In meerdere studies werd de voorkeur uitgesproken voor multidisciplinaire trainingen waar zowel artsen als verpleegkundigen aan deelnemen (Smith, 2004; Cox, 2006; Unsworth, 2012; Liaw, 2010). In de door deze auteurs beschreven trainingen werd ook geschoold in communicatie tussen verpleegkundigen en artsen. Leonard (2004) beschreef dat falen in communicatie een groot aandeel heeft in het optreden van vermijdbare schade bij patiënten. Om dit te voorkomen werd een gestandaardiseerd model ontwikkeld wat door verpleegkundigen gevolgd kan worden wanneer zij met een arts overleggen over een patiënt: Situation-Background-Assessment-Recommendation (SBAR).
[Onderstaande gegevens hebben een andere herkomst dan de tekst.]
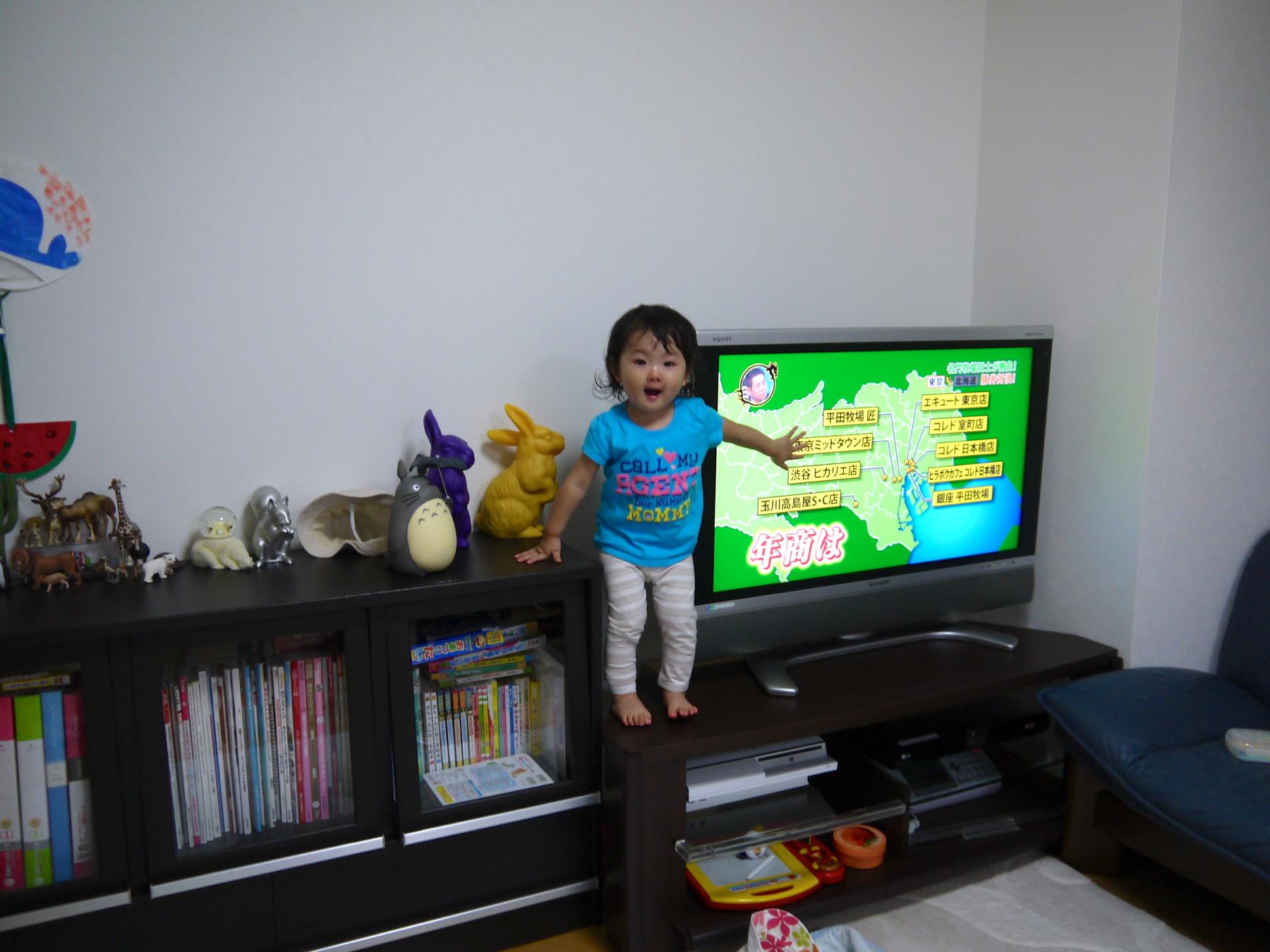 ママがキッチンで片付けをしているとき、樹花はテレビ台にのぼって「アンパン!」と大きな声で叫んでいました(笑) テレビにアンパンマンは映っていません...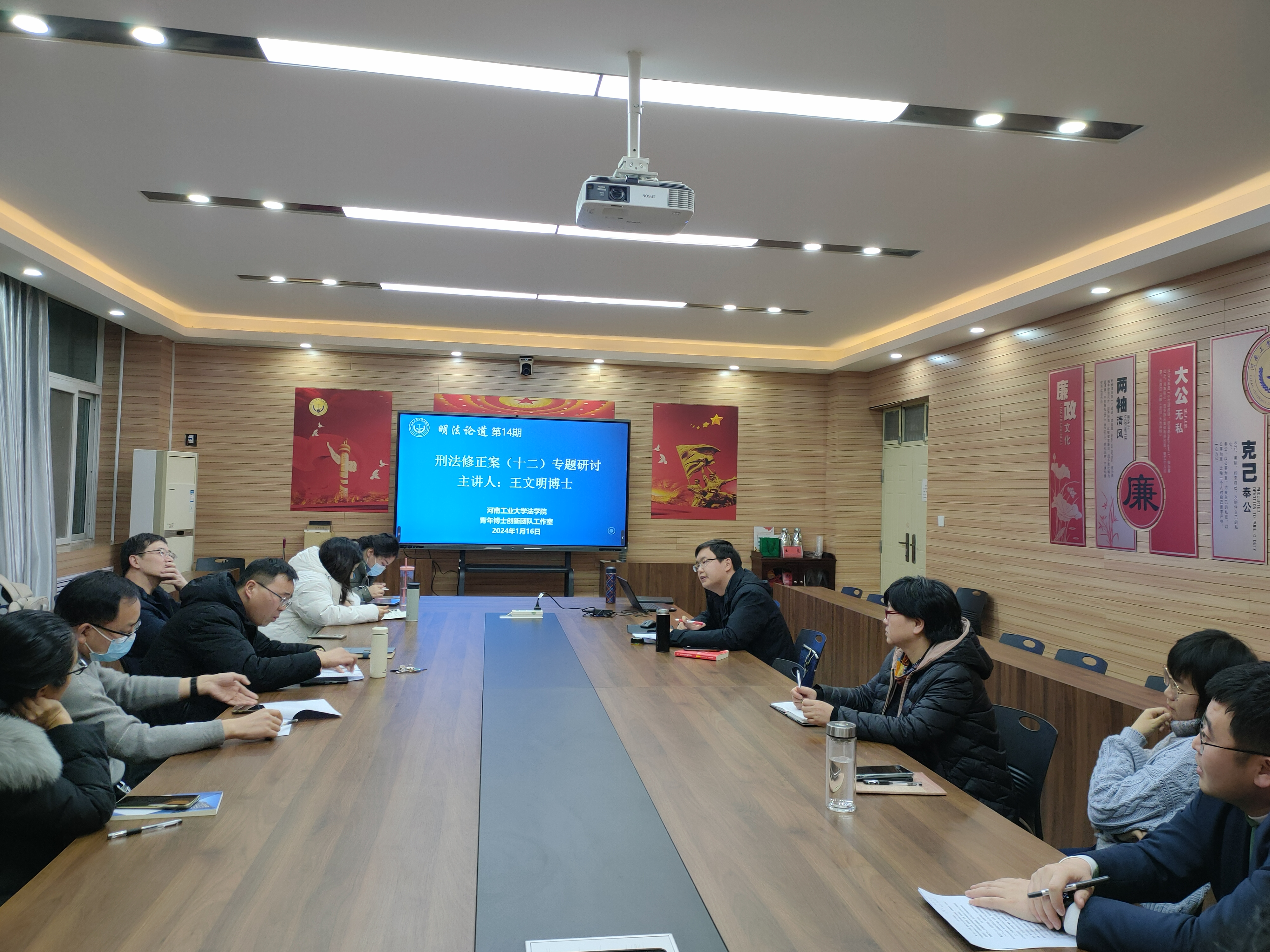 《刑法修正案(十二)》专题学习环节,王文明博士从《刑法修正案(十二)》的起草情况、立法背景、条文的主要内容、罪名的变化等方面展开了详细地讲解。与谈环节,各位老师对王文明的讲解表示认可,并结合自己的研究方向、对条文的理解就《刑法修正案(十二)》进行了评析。自由发言环节,大家畅所欲言,讨论十分热烈。

Dit model is op dit moment in meerdere Nederlandse klinieken geïmplementeerd.

 

Sinds enkele jaren is het onder artsen gebruikelijk patiënten te beoordelen volgens de ABCDE-methode. Meerdere studies zijn gepubliceerd waarin ook verpleegkundigen deze methode aangeleerd werd (Liaw, 2011a; Liaw, 2011b). Het effect hiervan is echter nog niet duidelijk en verdient nader onderzoek, alhoewel deze methodiek in sommige ziekenhuizen door verpleegkundigen reeds wordt toegepast. Zowel bij de opleidingen MBO-verpleegkunde en HBO-verpleegkunde vindt scholing plaats op het gebied van de vitaal bedreigde patiënt en is ook de ABCDE-methode opgenomen in het screeningsproces van deze patiëntenpopulatie.

 

Bovenstaande literatuur steunt het belang van het aanbieden van interprofessionele/ interdisiciplinaire scenariotrainingen aan het personeel op verpleegafdelingen in het ziekenhuis. Voor het invoeren van dergelijke scenariotrainingen zullen financiële middelen noodzakelijk zijn. Een soortgelijke kostenpost is in veel ziekenhuizen reeds aanwezig voor BLS- en soms ALS-trainingen. De in de praktijk veel grotere blootstelling aan vitaal bedreigde patiënten dan aan patiënten in een ALS- of BLS-setting op een verpleegafdeling, is een rechtvaardiging voor eventueel verhoogde kosten voor het aanbieden van interprofessionele/interdisciplinaire scenariotrainingen.

 

Rationale

Verpleegkundigen zijn bepalend in het activeren van het SIT. Scholing van verpleegkundigen en artsen in het herkennen van klinische achteruitgang en de interprofessionele communicatie hierover (bv. via SBAR) is van groot belang. De scholing is waarschijnlijk het meest effectief als deze gestructureerd, interprofessioneel/multidisciplinair en praktijkgericht aangeboden wordt, en op vaste momenten herhaald wordt.

Onderbouwing

Verpleegkundigen zijn bepalend bij de interpretatie van de gemeten parameters, het beoordelen van de noodzaak tot het inroepen van hulp van een arts, het beoordelen van de urgentie van de hulpvraag én het instellen van de eerste behandeling ter stabilisatie van de patiënt (Considine, 2004). Dit maakt het van groot belang om verpleegkundigen te scholen in het herkennen van klinische achteruitgang en in het nemen van de juiste vervolgactie.

 

Na scholing dient geborgd te worden dat de opgedane kennis behouden en up-to-date blijft bij toekomstige veranderingen. Op dit moment is er geen richtlijn over hoe dit kennisniveau te behouden, alhoewel voorbeelden bekend zijn vanuit onder meer de anesthesiologie, SEH en IC waarbij reguliere scenariotrainingen worden gegeven. Stelselmatige scenariotraining van het zorgpersoneel op verpleegafdelingen ontbreekt daarentegen vaak. Voor basic life support (BLS) hebben veel ziekenhuizen inmiddels een systeem waarbij herhaalde trainingen ervoor zorgen dat alle betrokken medewerkers adequaat geschoold blijven. De BLS-trainingen vinden veelal tweejaarlijks plaats, conform de adviezen van de European Resuscitation Council (Greif, 2015), waarbij herhaling en de snelheid van herhaling (binnen 12 tot 24 maanden) van de trainingen een aangetoond positief effect hebben op de kwaliteit van behandeling. Dit systeem kan dienen als voorbeeld voor het borgen van de kwaliteit van zorg voor vitaal bedreigde patiënten, in zekere zin immers een pre-BLS setting.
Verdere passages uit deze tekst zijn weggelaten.